Our results provide a general framework for understanding past results on dopamine ramps. According to ANCCR, the fundamental variable controlling the presence of ramps is the eligibility trace time constant. Based on first principles, this time constant depends on the ITI in common task designs (Supplementary Note 1). Thus, the ITI is a simple proxy to manipulate the eligibility trace time constant, thereby modifying dopamine ramps. In previous navigational tasks with dopamine ramps, there was no explicitly programmed ITI(4, 10, 16). As such, the controlling of the pace of trials by these highly motivated animals likely resulted in short effective ITI compared to trial duration. An instrumental lever pressing task with dopamine ramps similarly had no explicitly programmed ITI(7), and other tasks with observed ramps had short ITIs(8, 11, 13–15). One reported result that does not fit with a simple control of ramps by ITI is that navigational tasks produce weaker ramps with repeated training(10).
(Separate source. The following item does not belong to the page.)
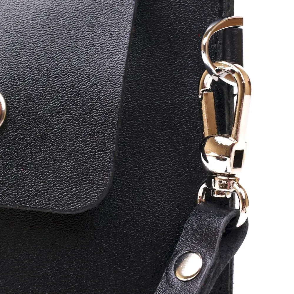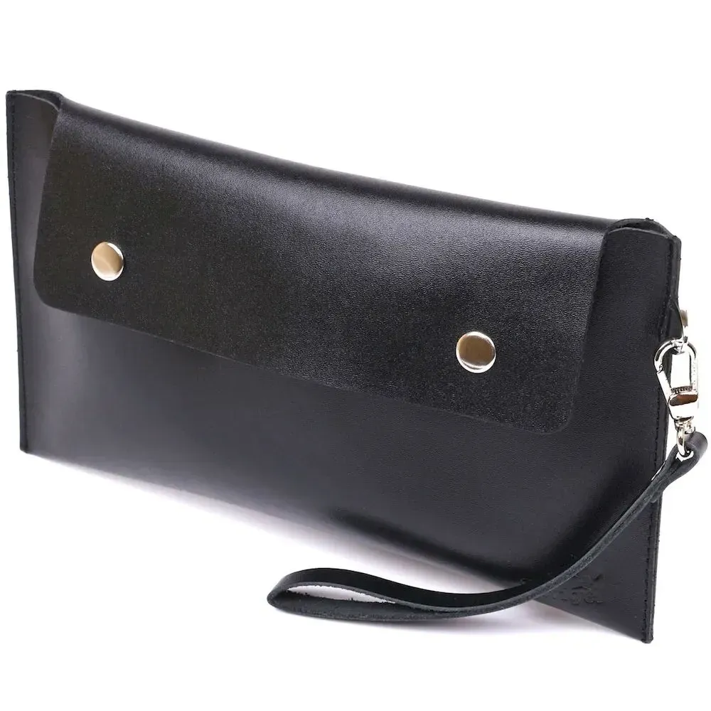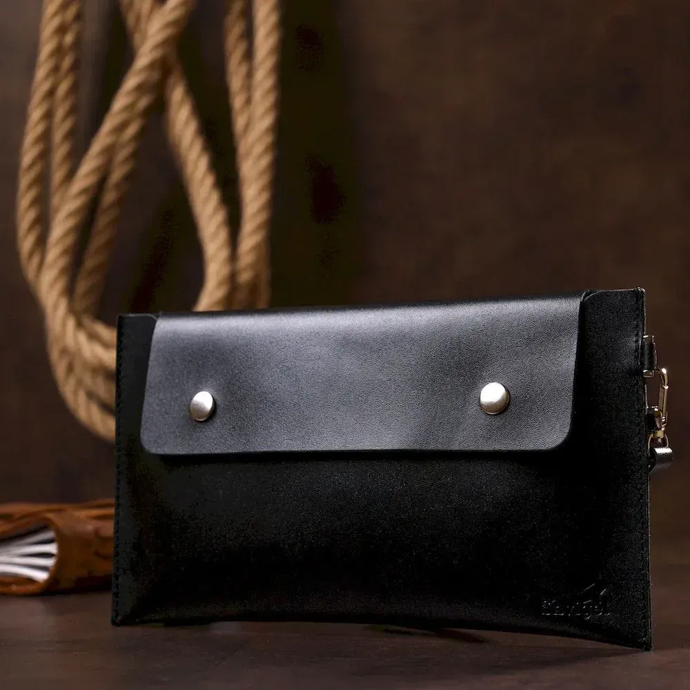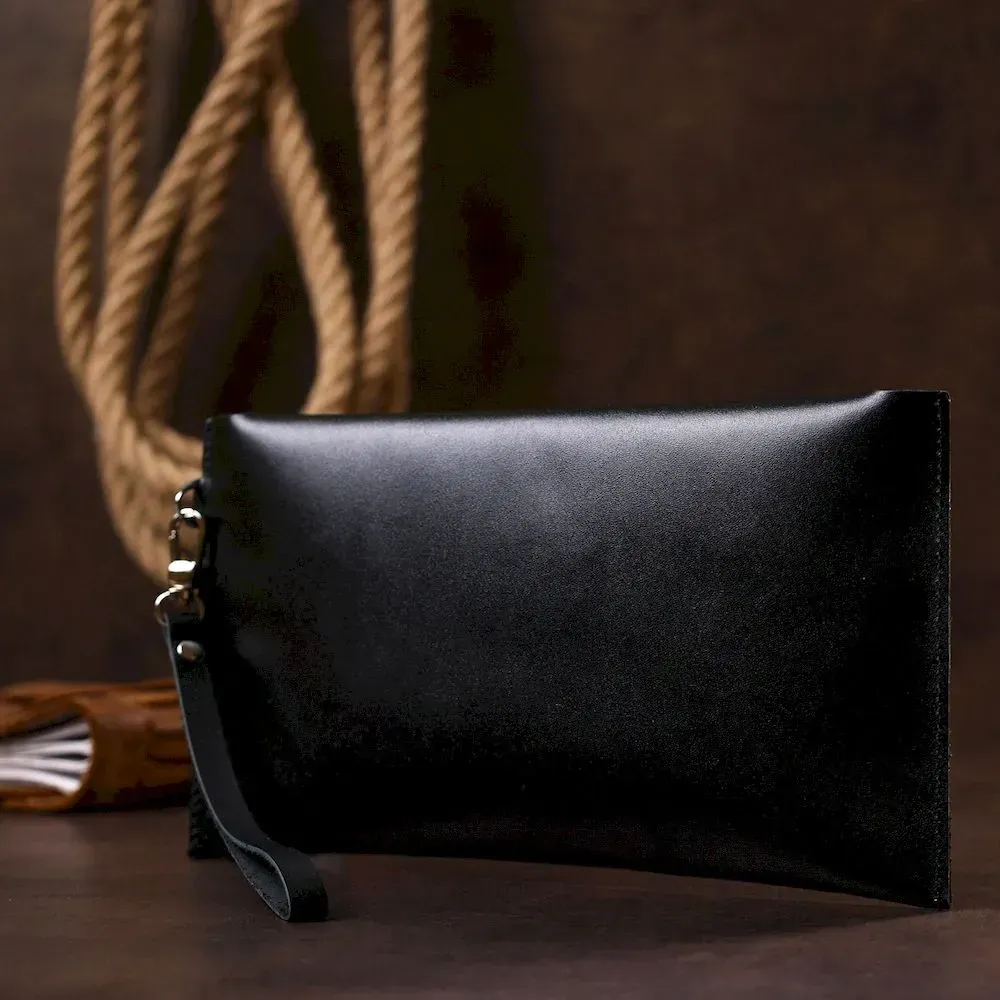 Відмінна тревел-косметичка з гладкої натуральної шкіри з високими показниками стійкості до зносу. Має класичний чорний колір, приємну на дотик фактуру та фурнітуру у кольорі під срібло. Закривається аксесуар на дві кнопки із клапаном. Ремінець на зап'ясті також виготовлений з натуральної шкіри. Така косметичка стане гарним подарунком близькій людині.

These results are generally inconsistent with the stable ramps that we observed in Pavlovian conditioning across eight days (Fig 1l). A speculative explanation might be that when the timescales of events vary considerably (e.g., during early experience in instrumental tasks due to variability in action timing), animals use a short eligibility trace time constant to account for the potential non-stationarity of the environment. With repeated exposure, the experienced stationarity of the environment might increase the eligibility trace time constant, thereby complicating its relationship with the ITI. Alternatively, as suggested previously(7, 10), repeated navigation may result in automated behavior that ignores the progress towards reward, thereby minimizing the calculation of associations of spatial locations with reward.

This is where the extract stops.